Астрономия и микроскопия

Всем доброго времени суток! После прочтения статьи https://www.mccrone.com/build-tunable-monochromatic-light-source/ у меня появилась мысль применить упомянутый Spekol 11 в кач-ве источника освещения для возбуждения люминесценции в сочетании с осветителем ОИ-28. Между собой соединить их планирую с помощью световода, изготовить переходники не составит проблем, знакомый токарь у меня есть. Световод должен пропускать свет в нужной части спектра: пока Спекола у меня на руках нет (но уже куплен и ждёт отправки), я пробовал светить кварцевой галогенной лампой через световод с фильтром УФС-1 на конце на раствор флуоресцеина и наблюдал его люминесценцию.
Собственно, вопрос - какие подводные камни могут возникнуть при реализации моей идеи?

_________________
Оборудование:
Микроскопы Carl Zeiss Jena Nf, Polmi A (Auflichtkondensor), конденсор Gamma.

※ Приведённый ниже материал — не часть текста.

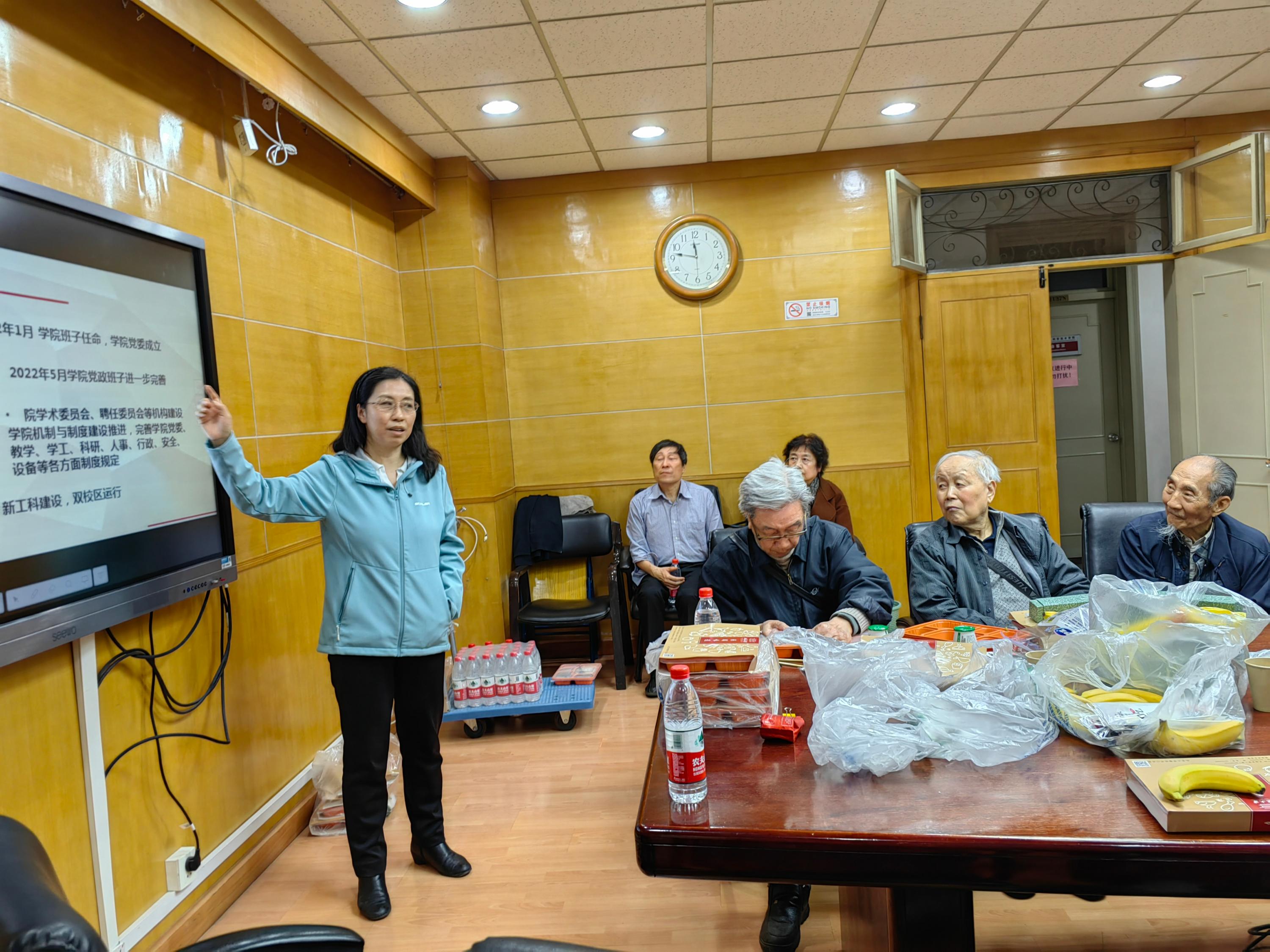 首先电子学院党委冯梅萍书记从电子学院的事业发展、党建工作、师生思想政治工作和统战工作四个方面给老师们介绍了最新情况,使大家对近几年学院的总体状况有了进一步了解。离退休支部支委王晶云老师给大家介绍了电子学院离退休教师总体情况、近年电子学院的高质量文章发表情况和获奖情况,及大家关心的北京大学新校区的位置、平面图和电子学院办公楼等的位置进展等。支书郭瑛回顾了疫情以来的近几年支部活动情况、离退休教师近年科研成果和撰写回忆的情况,并征求大家对电子学院及支部工作的意见和建议。

Светосила дифракционного монохроматора в 10-100 раз хуже, чем у светофильтров, соответственно, использовать в люминесценции будет практически невозможно. Вопрос - зачем? Монохроматический свет имеет смысл для поляризационной микроскопии, но опять же, для этой задачи есть МИП-1/МИП-2. В люминесценции полосы поглощения люминофоров очень толстые, значительно толще, чем ширины полос пропускания светофильтров, какой смысл их возбуждать монохроматическим излучением?

Хотелось бы обойтись одним устройством вместо горы дорогущих интерференционных светофильтров. По поводу светосилы, если туда синий светодиод помощнее поставить вместо родной лампы, всё равно не хватит яркости?

_________________
Оборудование:
Микроскопы Carl Zeiss Jena Nf, Polmi A (Auflichtkondensor), конденсор Gamma.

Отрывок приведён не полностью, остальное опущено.